The white ribbon itself, tied by the pastor to Martin’s arm and Klara’s hair, is said to be a reminder of an idealised childhood innocence. It keeps the children in their place and publicly humiliates them. A metaphor for the perception of what Germany should be? Or of Germany’s Versailles humiliation? Or an acknowledgement of Germany’s exaggerated faults in causing WW1?
Meanwhile, the doctor abuses his own daughter. At the end he disappears, just like Josef Mengele did after abusing so many of the children of the holocaust.
The White Ribbon is saying that a German childhood of the time was to simultaneously be to conform and to be locked out, to have no real positive role models, and to witness malevolence in every corner of society, including unfairly experiencing its punishment. The children are bullied and have no agency; the abused become the abusers. They torture, blind and kill the person they see as weaker than or ‘other’ to them: disabled Karli.

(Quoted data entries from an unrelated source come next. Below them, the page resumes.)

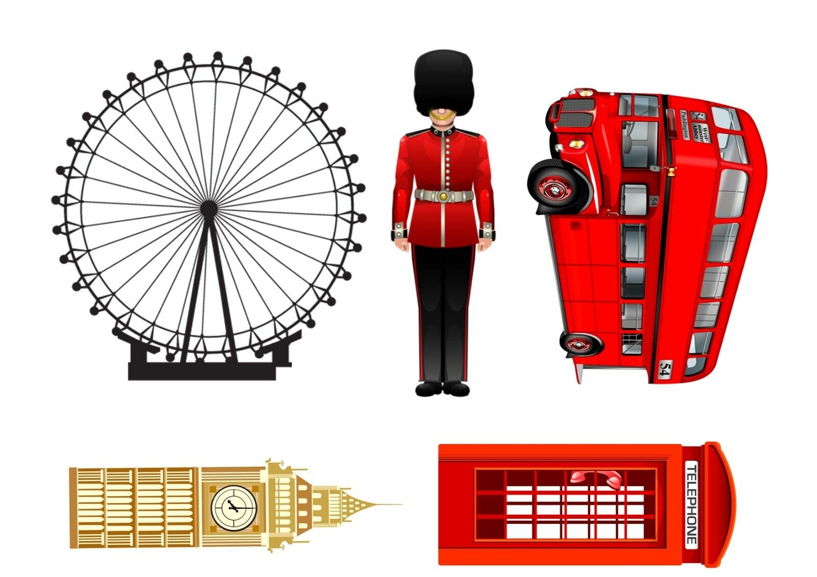 London Theme Edible Cake Icing Toppers Beefeater Bus Phone box 5" tall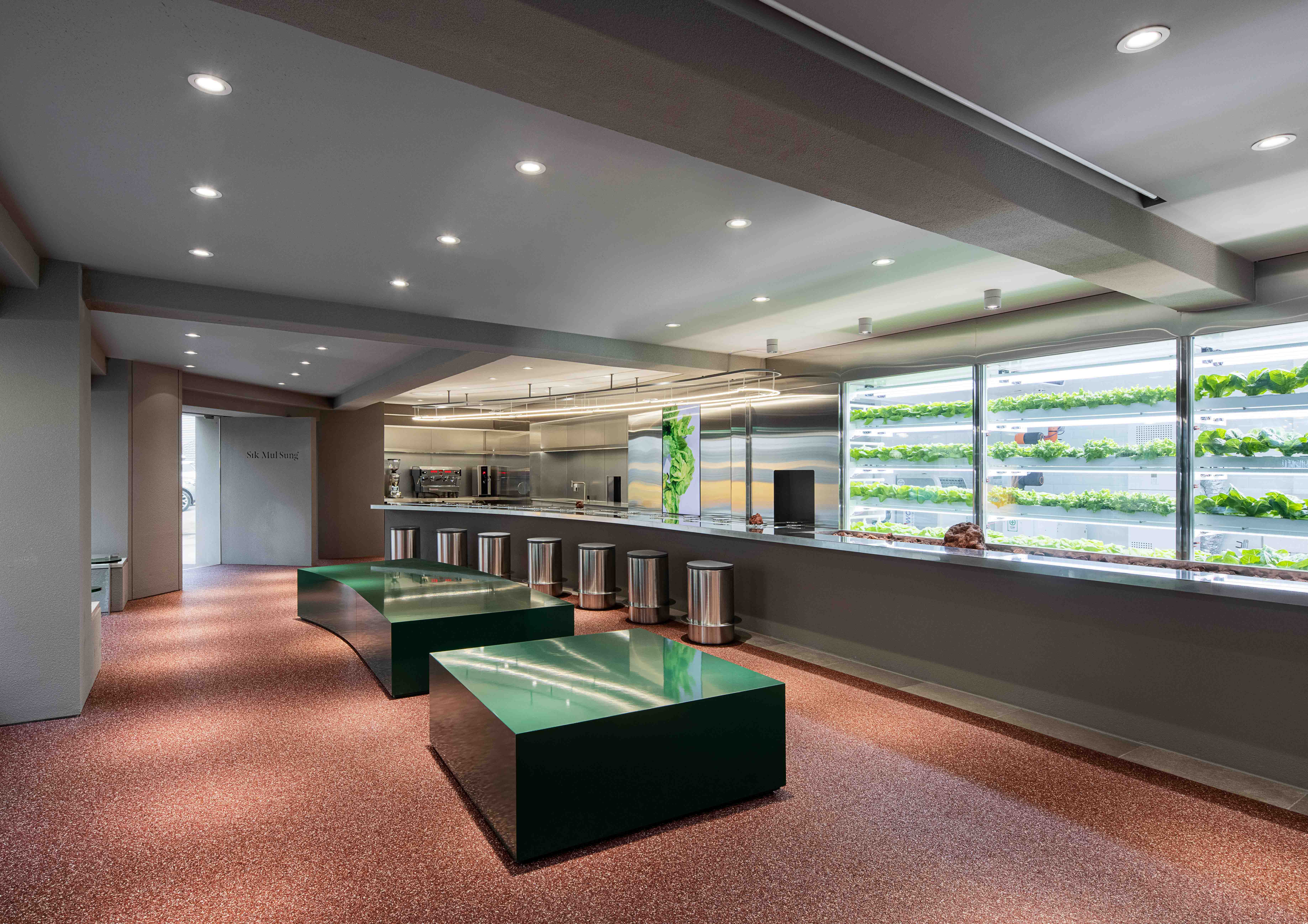 디자이너는 식물성의 주요 상품인 채소와 자연을 디자인 요소로 설정하고, 재배-수확-요리-식사의 일련의 과정을 한 공간에서 경험할 수 있는 공간을 의도했다. 전체적으로 붉은색과 초록색을 공간에 적용하여 청결함과 자연적인 느낌을 부각하고, 스테인레스 스틸을 사용한 가구와 화성의 붉은 모래를 연상시키는 붉은 자갈 바닥 등 마감재의 변화는 공간이 단조로워지는 것을 해소한다. 카운터 너머로 마련된 재배실은 유리 마감으로 경계를 나누었고, 시각적으로는 인공조명을 활용한 수경재배 시스템을 가감 없이 보여준다. 매장의 컨베이어 벨트는 매장에서 직접 재배한 채소를 활용한 요리를 고객에게 전달하는 장치이며, 긴 축으로 회전하고 있는 원형 접시가 마치 궤도를 도는 행성처럼 보이게 한다.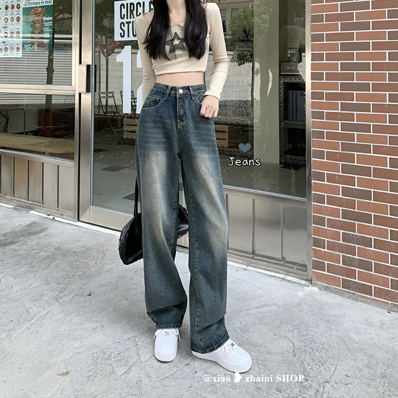 Detail Korean Style Celana Jeans Wanita High Waist Straight Pants Boyfriend Jeans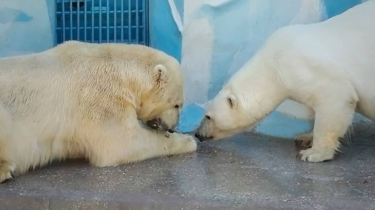 Белую медведицу Герду подвел строптивый характер. Завтрак пришлось отвоевывать!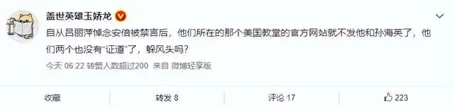 8月23日,据一位名叫“盖世英雄玉娇龙”的互联网博主在微博上爆料称,影后吕丽萍自从悼念日本前首相安倍晋三被禁言,失去了利用价值后,遭到美国那边的教堂边缘化,官方网站没有再发布与之相关的内容,很有可能是为了避嫌躲风头。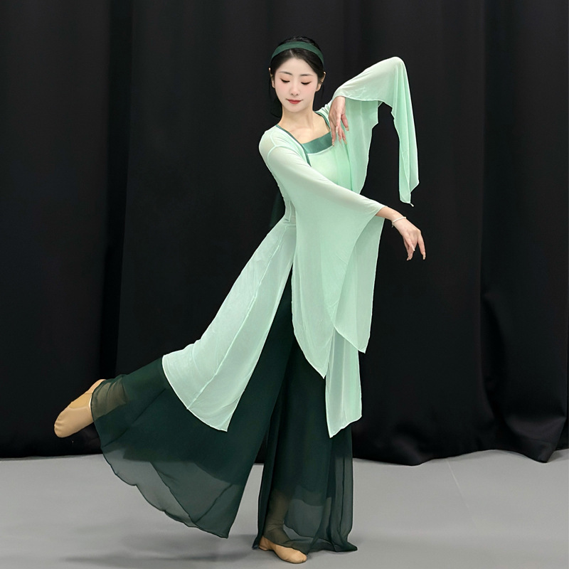 Pakaian Latihan Tari Klasik Pakaian Sajak Tubuh Pakaian Pertunjukan Lengan Panjang Musim Semi dan Musim Panas Pakaian Tari Tari Cheongsam Tari Tiongkok Setelan Wanita

Karli’s mother, the nanny of the doctor’s children (whom he is also sleeping with before telling her she repulses him and casting her aside), goes to the nearest town to report the crime against her poor son. However, echoing so many reports of crimes against the vulnerable – such as those committed by Hitler and Stalin – the nanny is never seen again, the crime likely never investigated.
And so, despite all evidence, when the teacher, the one person to bring knowledge and an outside perspective to Eichwald, puts to the pastor his conclusion that the children are guilty of the crimes that have taken place in the village, the pastor castigates him and says he will imprison him if he makes the same claim to anyone else. Just how totalitarian regimes put down dissent and populists put down intellectuals: tyrannical control.
And with that, we learn of the outbreak of the Great War, and The White Ribbon comes to its conclusion.
Our narrator began his warning from history by telling us that those “strange events” would cast new light on the later “goings on” of his country, but it could have been, was, and could still be, many a country. The ingredients that cultivate tyranny are many faceted, and the iniquity of tyranny’s fathers will always be visited upon its children.